**Try it**
Look below for the line with "18일(이하 한국시간) QPR은" and the line with "WC-istuin, suihku, suihkukaappi, pesukoneliitäntä, peili"; repeat exactly those two lines and all lines between them, but no pictures.

**Exercise data**
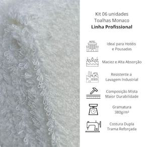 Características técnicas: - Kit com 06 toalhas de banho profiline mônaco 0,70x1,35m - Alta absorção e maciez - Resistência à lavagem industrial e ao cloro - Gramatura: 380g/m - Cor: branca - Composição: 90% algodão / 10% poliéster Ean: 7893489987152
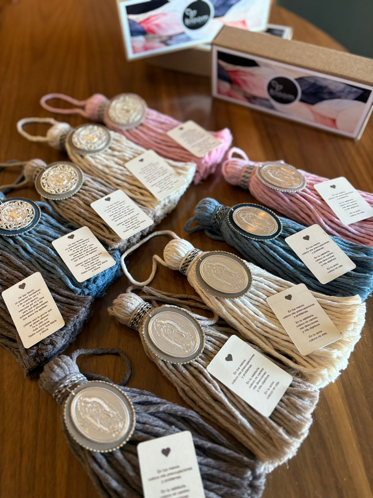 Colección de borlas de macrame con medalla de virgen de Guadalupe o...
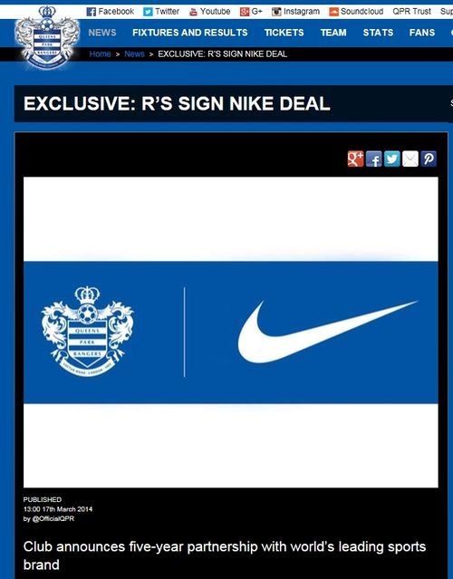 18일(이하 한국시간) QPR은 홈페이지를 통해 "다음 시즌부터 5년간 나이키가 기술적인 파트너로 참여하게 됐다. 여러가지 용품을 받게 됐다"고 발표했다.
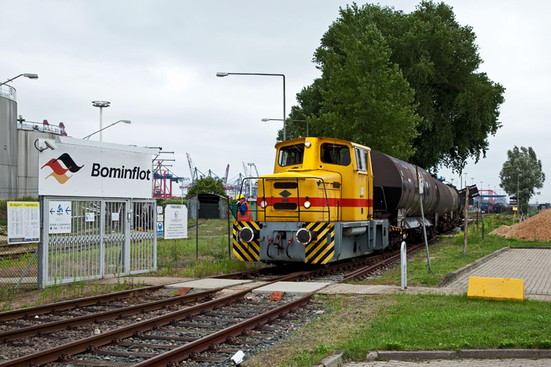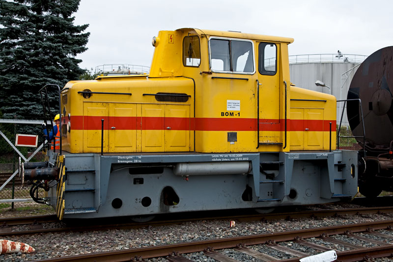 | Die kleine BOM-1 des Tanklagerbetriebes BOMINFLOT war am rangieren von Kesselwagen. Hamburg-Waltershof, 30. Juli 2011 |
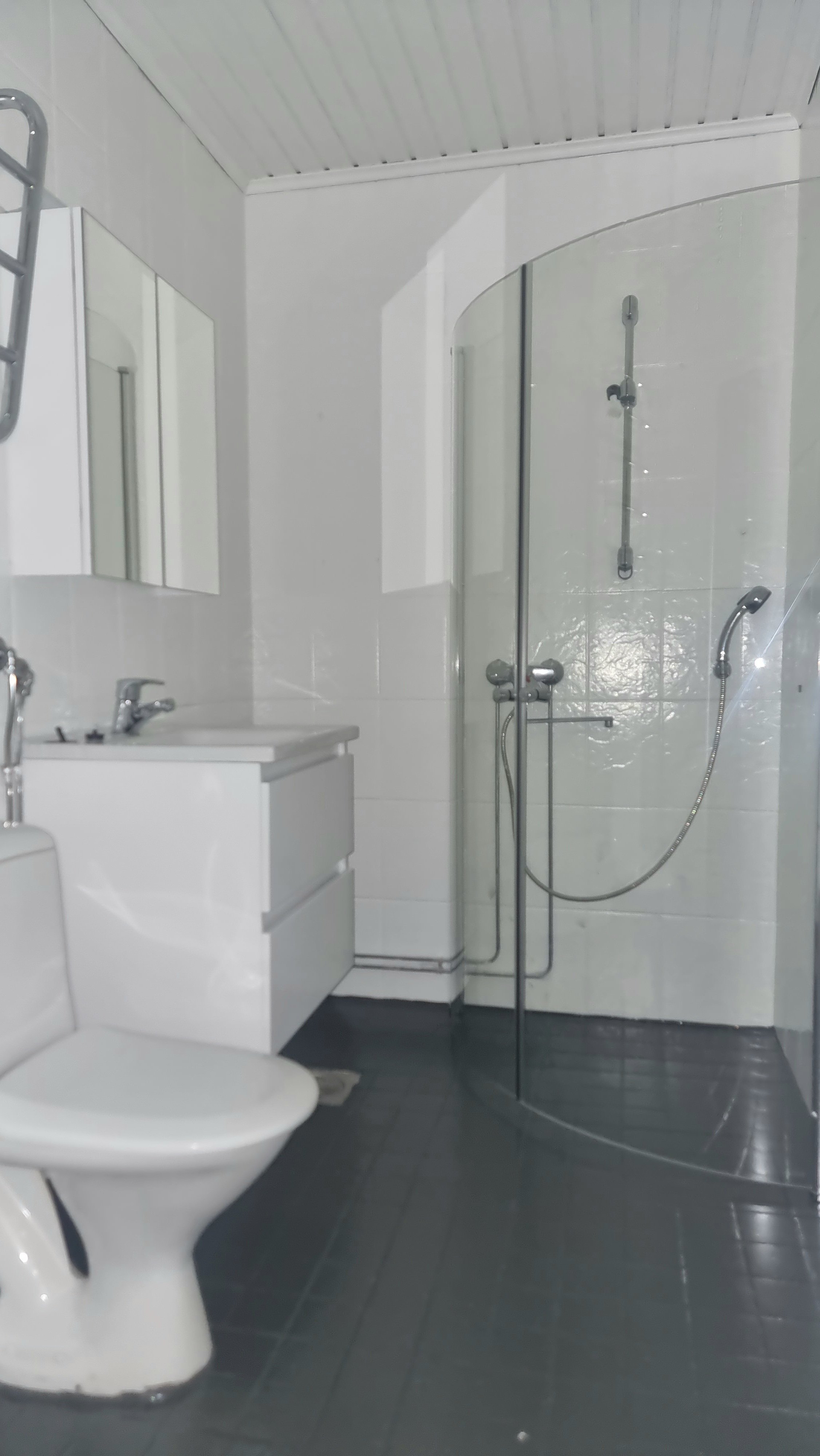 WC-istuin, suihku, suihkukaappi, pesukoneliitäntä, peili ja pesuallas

* * *

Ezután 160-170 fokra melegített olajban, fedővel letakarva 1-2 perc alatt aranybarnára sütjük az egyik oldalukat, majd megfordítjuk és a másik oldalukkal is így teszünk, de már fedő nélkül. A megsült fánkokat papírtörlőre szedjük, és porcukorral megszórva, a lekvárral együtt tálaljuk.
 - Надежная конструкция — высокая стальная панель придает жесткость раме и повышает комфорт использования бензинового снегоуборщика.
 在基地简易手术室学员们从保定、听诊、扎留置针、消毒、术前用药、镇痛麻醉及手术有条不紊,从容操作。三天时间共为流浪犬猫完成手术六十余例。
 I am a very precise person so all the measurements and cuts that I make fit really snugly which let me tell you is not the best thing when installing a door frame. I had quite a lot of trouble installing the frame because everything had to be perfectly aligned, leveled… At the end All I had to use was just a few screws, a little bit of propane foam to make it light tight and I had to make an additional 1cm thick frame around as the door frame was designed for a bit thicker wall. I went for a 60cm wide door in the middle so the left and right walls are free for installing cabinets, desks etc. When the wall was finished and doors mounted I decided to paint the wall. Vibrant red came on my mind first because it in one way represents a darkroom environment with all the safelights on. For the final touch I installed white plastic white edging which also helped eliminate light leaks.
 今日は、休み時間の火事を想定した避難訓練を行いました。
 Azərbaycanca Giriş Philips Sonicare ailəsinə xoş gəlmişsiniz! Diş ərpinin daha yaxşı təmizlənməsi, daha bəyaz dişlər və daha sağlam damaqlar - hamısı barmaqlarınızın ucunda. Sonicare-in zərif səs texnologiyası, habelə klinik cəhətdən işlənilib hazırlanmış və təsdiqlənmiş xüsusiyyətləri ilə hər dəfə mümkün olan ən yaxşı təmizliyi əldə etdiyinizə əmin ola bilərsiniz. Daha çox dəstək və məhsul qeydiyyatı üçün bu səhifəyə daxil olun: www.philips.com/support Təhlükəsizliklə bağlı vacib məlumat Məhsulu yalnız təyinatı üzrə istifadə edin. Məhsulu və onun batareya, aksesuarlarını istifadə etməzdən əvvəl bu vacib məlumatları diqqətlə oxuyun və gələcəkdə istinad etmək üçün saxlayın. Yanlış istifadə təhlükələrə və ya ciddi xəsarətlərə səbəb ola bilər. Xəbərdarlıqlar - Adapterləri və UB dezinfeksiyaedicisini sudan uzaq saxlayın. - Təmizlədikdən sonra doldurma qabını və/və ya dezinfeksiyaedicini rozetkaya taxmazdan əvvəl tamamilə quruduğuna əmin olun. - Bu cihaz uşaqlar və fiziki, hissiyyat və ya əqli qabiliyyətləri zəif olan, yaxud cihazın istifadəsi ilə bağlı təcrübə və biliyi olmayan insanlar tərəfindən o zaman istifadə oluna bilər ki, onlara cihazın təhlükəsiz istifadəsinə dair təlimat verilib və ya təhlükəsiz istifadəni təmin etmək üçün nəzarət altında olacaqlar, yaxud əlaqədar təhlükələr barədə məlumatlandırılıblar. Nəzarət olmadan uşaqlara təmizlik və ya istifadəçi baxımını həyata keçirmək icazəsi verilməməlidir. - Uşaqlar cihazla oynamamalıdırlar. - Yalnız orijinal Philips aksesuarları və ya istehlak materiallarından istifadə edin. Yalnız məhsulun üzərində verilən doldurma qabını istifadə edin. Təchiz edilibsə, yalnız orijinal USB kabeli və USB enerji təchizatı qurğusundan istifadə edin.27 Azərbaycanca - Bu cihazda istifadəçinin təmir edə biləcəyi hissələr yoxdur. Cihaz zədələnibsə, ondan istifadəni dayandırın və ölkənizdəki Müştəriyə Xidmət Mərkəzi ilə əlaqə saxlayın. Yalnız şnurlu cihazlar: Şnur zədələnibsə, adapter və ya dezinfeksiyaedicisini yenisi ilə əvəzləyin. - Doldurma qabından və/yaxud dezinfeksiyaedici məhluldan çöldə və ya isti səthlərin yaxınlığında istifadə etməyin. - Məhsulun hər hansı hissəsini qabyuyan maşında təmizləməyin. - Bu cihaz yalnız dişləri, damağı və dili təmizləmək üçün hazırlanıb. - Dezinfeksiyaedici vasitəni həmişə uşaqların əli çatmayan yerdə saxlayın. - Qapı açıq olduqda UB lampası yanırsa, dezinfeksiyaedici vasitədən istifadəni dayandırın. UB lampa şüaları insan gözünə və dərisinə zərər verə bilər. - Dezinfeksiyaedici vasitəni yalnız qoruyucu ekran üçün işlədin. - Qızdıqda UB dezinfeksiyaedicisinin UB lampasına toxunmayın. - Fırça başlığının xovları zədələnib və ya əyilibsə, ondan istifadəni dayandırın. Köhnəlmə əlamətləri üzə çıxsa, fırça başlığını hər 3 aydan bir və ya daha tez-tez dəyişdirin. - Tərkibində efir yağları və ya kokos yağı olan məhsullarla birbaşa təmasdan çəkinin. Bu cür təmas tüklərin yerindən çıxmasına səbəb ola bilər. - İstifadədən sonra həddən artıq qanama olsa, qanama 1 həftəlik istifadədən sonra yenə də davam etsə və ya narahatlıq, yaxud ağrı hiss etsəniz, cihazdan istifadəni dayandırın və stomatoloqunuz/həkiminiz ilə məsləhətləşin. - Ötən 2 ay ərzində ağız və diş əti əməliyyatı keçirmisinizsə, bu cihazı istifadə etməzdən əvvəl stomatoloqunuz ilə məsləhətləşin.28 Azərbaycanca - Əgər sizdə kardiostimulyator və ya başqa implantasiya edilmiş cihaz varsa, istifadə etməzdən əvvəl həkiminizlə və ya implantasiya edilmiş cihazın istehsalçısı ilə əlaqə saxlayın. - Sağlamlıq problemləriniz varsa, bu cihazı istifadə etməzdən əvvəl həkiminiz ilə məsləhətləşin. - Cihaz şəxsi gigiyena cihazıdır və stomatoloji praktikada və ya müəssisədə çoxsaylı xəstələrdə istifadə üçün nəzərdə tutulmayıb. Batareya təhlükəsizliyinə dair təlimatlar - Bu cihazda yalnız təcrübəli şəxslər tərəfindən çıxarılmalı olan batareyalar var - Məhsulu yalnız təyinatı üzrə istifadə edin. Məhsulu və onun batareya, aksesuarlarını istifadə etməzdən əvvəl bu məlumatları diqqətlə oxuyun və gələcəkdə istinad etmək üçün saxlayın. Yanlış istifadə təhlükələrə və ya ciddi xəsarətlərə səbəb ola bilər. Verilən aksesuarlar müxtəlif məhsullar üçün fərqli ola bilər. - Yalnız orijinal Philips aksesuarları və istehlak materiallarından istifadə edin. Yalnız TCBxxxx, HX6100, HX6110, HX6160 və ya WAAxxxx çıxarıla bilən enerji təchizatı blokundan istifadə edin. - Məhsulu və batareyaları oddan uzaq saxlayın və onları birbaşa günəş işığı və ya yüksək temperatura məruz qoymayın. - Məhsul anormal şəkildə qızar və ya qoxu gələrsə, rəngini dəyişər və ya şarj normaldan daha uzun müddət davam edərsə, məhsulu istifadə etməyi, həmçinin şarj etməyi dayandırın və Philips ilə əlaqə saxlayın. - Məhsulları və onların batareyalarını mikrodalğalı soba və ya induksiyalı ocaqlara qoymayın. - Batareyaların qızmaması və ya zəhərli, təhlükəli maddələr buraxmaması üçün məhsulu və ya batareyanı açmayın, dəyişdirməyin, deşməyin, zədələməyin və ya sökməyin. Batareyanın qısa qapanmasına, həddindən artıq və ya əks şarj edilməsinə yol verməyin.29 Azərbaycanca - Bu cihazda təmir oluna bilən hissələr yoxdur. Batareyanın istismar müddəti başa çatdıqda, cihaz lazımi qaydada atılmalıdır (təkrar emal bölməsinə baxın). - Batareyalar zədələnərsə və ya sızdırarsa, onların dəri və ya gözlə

**Output of the task**
 18일(이하 한국시간) QPR은 홈페이지를 통해 "다음 시즌부터 5년간 나이키가 기술적인 파트너로 참여하게 됐다. 여러가지 용품을 받게 됐다"고 발표했다.
 | Die kleine BOM-1 des Tanklagerbetriebes BOMINFLOT war am rangieren von Kesselwagen. Hamburg-Waltershof, 30. Juli 2011 |
 WC-istuin, suihku, suihkukaappi, pesukoneliitäntä, peili ja pesuallas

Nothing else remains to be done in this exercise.